JALAN Komodo merupakan lintas utama Kelurahan Bakunase 2 Kecamatan Kota Raja sebagai kelurahan baru yang berdiri tahun 2009. Saat mengitari jalan ini, tampak hanya berdiri bangunan umum seperti sekolah, kantor polisi dan bangunan gereja.

Warga Kelurahan Bakunase 2 didiami sekira 2.400 jiwa yang menempati dua lingkungan terbesar yaitu Oetona dan Labat. 98 persen warga Kelurahan Bakunase 2 pemeluk agama Kristen dan Katolik. Hanya segelintir warga pemeluk agama Islam dan sebagian besar mendiami lingkungan yang terkenal disebut Kampung Alor.

Sejak lama dinamakan Kampung Alor, karena terdiri dari penduduk bersuku Alor. Kampung Alor Oetona terletak di jalan Cemara yang hanya berjarak sepanjang 200 meter melalui cabang masuk di depan kantor lurah Bakunase 2 sekarang.

Diujung jalan Cemara merupakan batas lingkungan Oetona dan Labat, tampak area persawahan terbesar di Kelurahan Bakunase.
Disitulah berdiri Masjid Nurul Taqiem yang tampak tidak besar.
Pantauan Timor Express, Kamis (16/8) tampak jemaah Masjid Nurul Taqiem laki-laki dan perempuan khusuk bertarawih.

Jemaah ini konon merupakan bagian dari jemaah Masjid Baiturrahman Kelurahan Bakunase. Namun karena jarak tempuh jemaah dari Kampung Alor ke Bakunase cukup jauh, maka sejak tahun 1970 didirikan sebuah Langgar (bangunan ibadah umat Islam yang lebih kecil dari masjid). Baru tahun 1981, jemaah setempat memulai pembangunan Masjid Nurul Taqiem.

Imam kedua Masjid Nurul Taqiem, Muhammad Kasim saat ditemui Timor Express menceritakan, pembangunan masjid itu melibatkan seluruh warga Kampung Alor Oetona, baik beragama Islam maupun Kristen. Bahkan, ketua panitia pembangunan Masjid Nurul Taqiem bernama Benyamin La’a yang merupakan seorang warga pemeluk agama Kristen.

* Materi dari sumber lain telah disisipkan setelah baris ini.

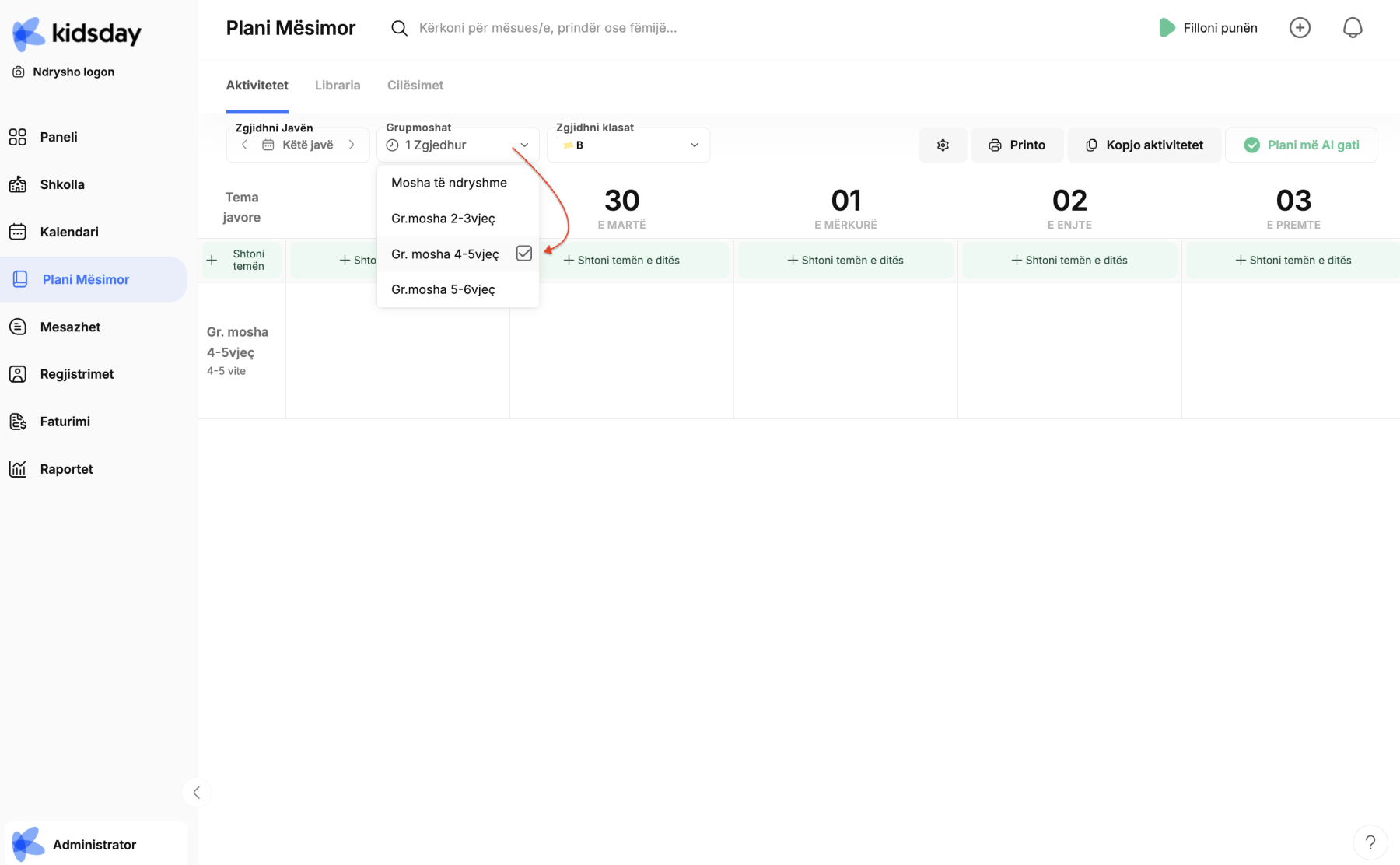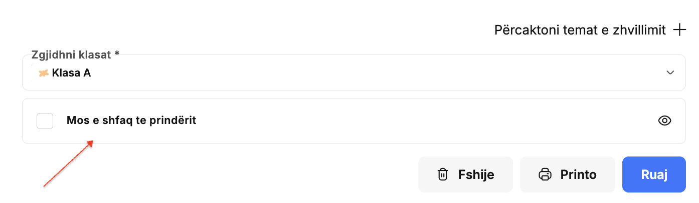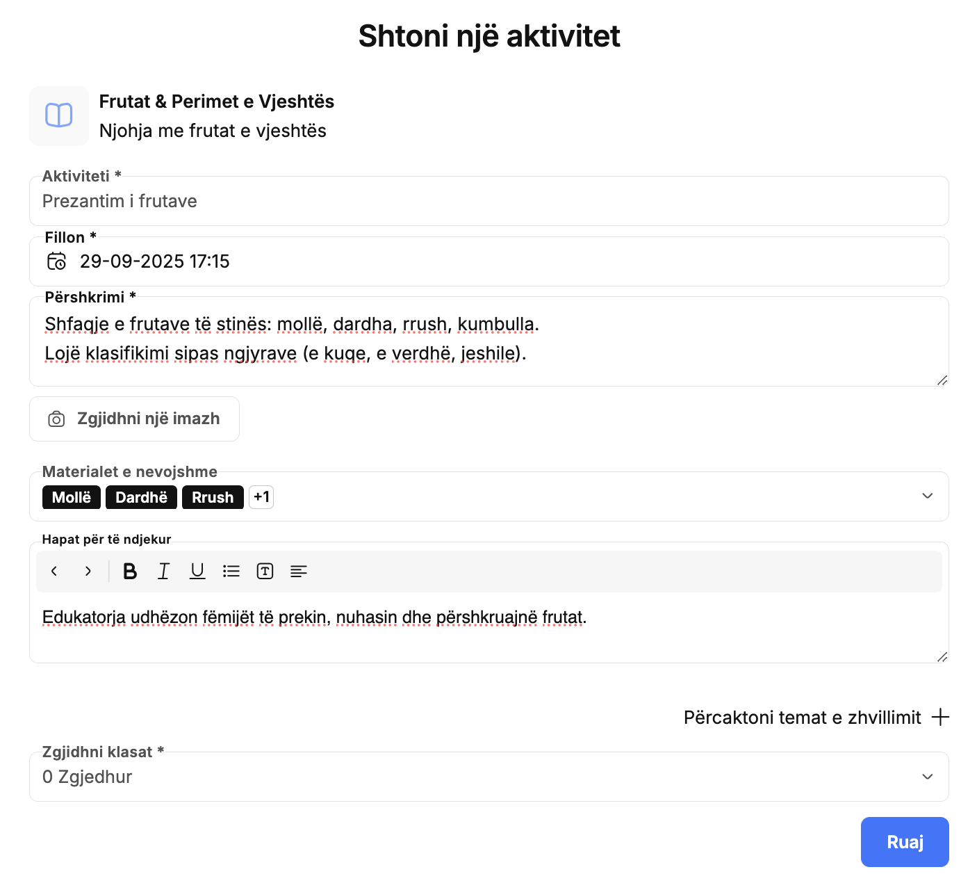 Zgjidhni klasën për të cilën do të planifikoni aktivitetet.

Letak Masjid Nurul Taqiem awalnya juga berhadapan dengan rumah kegiatan salah satu bagian Pendidikan Anak dan Remaja (PAR) Jemaat Gereja Yarden Oetona. Urusan toleransi hidup beragama di daerah tersebut menurut Muhammad Kasim, sudah terbina lama dan turut dipengaruhi hubungan persaudaraan dan perkawinan sesama warga suku Alor. Bahkan, Muhammad Kasim mengaku mempunyai saudara kandung pemeluk agama Kristen.

Keharmonisan hidup masyarakat setempat sama sekali tidak dipengaruhi perbedaan keyakinan agama. Berkat sikap toleransi, warga setempat juga tidak terpengaruh dengan isu-isu SARA termasuk konflik horizontal tahun 1998 di Kota Kupang, di mana warga setempat saling menjaga kepentingan satu dan lain.

Dari jumlah jemaah yang kecil, pada hari raya keagamaan seperti Lebaran selalu berlangsung meriah. Meski banyak yang mudik ke Alor, tetapi jemaah lain yang menetap selalu mendapat kunjungan silahturahmi dari banyak tetangga muslim dan non muslim.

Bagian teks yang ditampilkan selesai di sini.